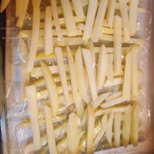 土豆去皮 切条 水煮至五分熟 捞出如图 放冰箱冻成硬邦邦
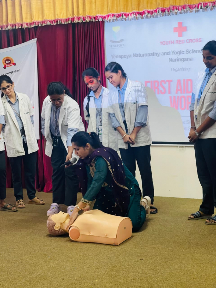 The Youth Red Cross (YRC) Unit of Yenepoya Naturopathy and Yogic Science College & Hospital (YNYSCH) organized a First Aid Awareness Workshop on 29th September 2025 to educate students and staff on essential life-saving techniques and emergency response procedures.
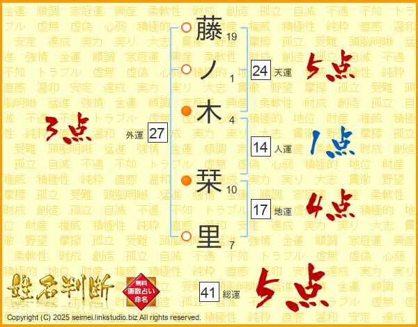 藤(19画)ノ(1画)木(4画) 栞(10画)里(7画)
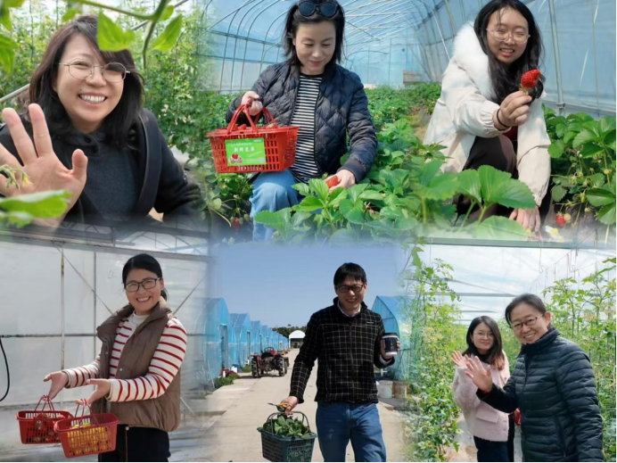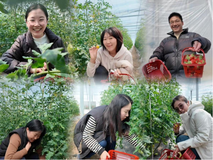 一踏入生机勃勃的采摘园,老师们便被满眼的春色吸引。大家手提果篮,兴致盎然地穿梭在田垄之间,亲手采摘下鲜红欲滴的草莓和圆润饱满的小番茄。平日里在讲台上严谨认真的老师们,此刻在轻松惬意的氛围中,一边分享着收获的喜悦,一边交流着工作与生活的点滴,欢声笑语在田间地头久久回荡。此次活动让女教职工们暂时放下了繁忙的教学科研工作,在亲近自然、亲手采摘的过程中,有效舒缓了压力,增进了彼此间的情谊。

◇ ◇ ◇ ◇ ◇ ◇ ◇

[WHAT THE TASK REQUIRES]: Every line of the material must be reproduced verbatim; the pictures are to be omitted.

[WRITTEN RESPONSE]:
 土豆去皮 切条 水煮至五分熟 捞出如图 放冰箱冻成硬邦邦
 The Youth Red Cross (YRC) Unit of Yenepoya Naturopathy and Yogic Science College & Hospital (YNYSCH) organized a First Aid Awareness Workshop on 29th September 2025 to educate students and staff on essential life-saving techniques and emergency response procedures.
 藤(19画)ノ(1画)木(4画) 栞(10画)里(7画)
 一踏入生机勃勃的采摘园,老师们便被满眼的春色吸引。大家手提果篮,兴致盎然地穿梭在田垄之间,亲手采摘下鲜红欲滴的草莓和圆润饱满的小番茄。平日里在讲台上严谨认真的老师们,此刻在轻松惬意的氛围中,一边分享着收获的喜悦,一边交流着工作与生活的点滴,欢声笑语在田间地头久久回荡。此次活动让女教职工们暂时放下了繁忙的教学科研工作,在亲近自然、亲手采摘的过程中,有效舒缓了压力,增进了彼此间的情谊。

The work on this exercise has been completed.